In November 1934 a team of American baseball stars, including Babe Ruth, toured Japan. When they arrived for a game in the town of Narashino, each man was presented with a horseshoe-shaped flower wreath. Ruth detested the gift; he later told a Japanese baseball magazine that he considered such wreaths bad luck and had never hit a home run after receiving one.

Miscellany Fashion

The wardrobe that accompanied Tutankhamen to the afterlife included ninety sandals, four socks, 145 loincloths with thread counts of two hundred, and a fake leopard skin made of linen with sewn-on spots.

Miscellany Fashion

A king in twelfth-century-bc China enjoyed women wearing dangling pearls and jade in a “Hair-knot Which Sways at Every Step”; the emperor who built the Great Wall favored the “Hair-knot Which Rises Above the Clouds”; Tang women wore the “Hair-knot of the Homing Bird”; and a writer in the last years of the Manchu dynasty offered the name “Hair-knot of Disintegration and Homeless Wandering” for a style of the day. “The times are indeed out of joint!” he wrote. “I tremble to think of what is to come.”

Miscellany Home

After the Jacobites were defeated in 1746, a sympathizer named Flora Macdonald disguised Bonnie Prince Charlie as an Irish maid, smuggled him to her home on the Isle of Skye, and helped him escape to France. She then “took the sheets in which he had lain,” James Boswell later reported, “charged her daughter that they should be kept unwashed,” and asked to be buried in them as a shroud. She was. 

Miscellany Family

Although the Oxford English Dictionary lists the etymology of “hooligan” as unascertained, one of the three speculations is that it derives from a popular music-hall song of the 1890s about a rowdy Irish family that went by that last name.

Miscellany Family

Philocles, the nephew of Aeschylus, received the prize for tragedy at the dramatic festival the year that Sophocles presented Oedipus Rex.

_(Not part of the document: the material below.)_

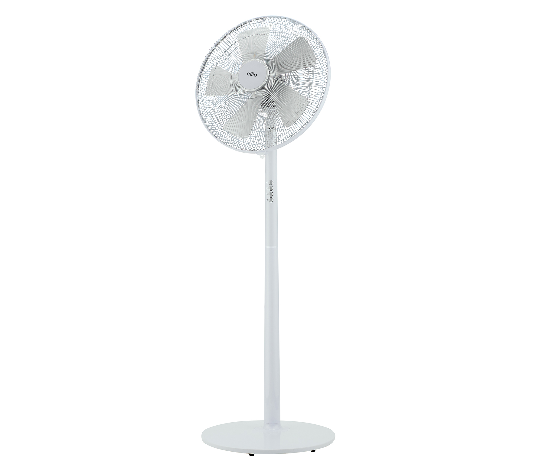 Noch zu heiß oder schon zu kühl? Das Temperaturempfinden ist von Mensch zu Mensch unterschiedlich. Der Standventilator VENTO 45 von cilio bietet Ihnen individuelle Erfrischung. Sie können zwischen 3 Geschwindigkeiten wählen und den Neigungswinkel einstellen. Mit seiner 90° Schwenkfunktion verteilt VENTO 45 die kühle Luft großzügig in Ihren Wohn- oder Arbeitsräumen. Ihr frischer Begleiter steht sicher auf einer stabilen Bodenplatte und ist mit einem verchromten Schutzgitter versehen.
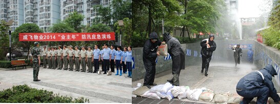 為響應成都市物業(yè)管理協(xié)會(huì )“業(yè)主年”活動(dòng),加強生活區汛期發(fā)生突發(fā)性洪水事件應急處置管理體系建設,提高生活區應對和處置發(fā)生突發(fā)性洪水事件及自然災害抗風(fēng)險能力,5月22日下午,成飛物業(yè)在盛暢園小區舉辦防洪實(shí)戰應急演練。

None of his one hundred or so plays is extant.

Miscellany Luck

Suetonius reported that Caligula often cheated when playing dice. The emperor once interrupted a game to go into the courtyard, where he spotted a group of rich knights passing. He had them arrested, stole their goods, then “resumed the game in high spirits, boasting that his luck had never been better.”

Miscellany Swindle & Fraud

Vladimir Nabokov referred to Thomas Mann once as a “quack” and to Ezra Pound as “that total fake.”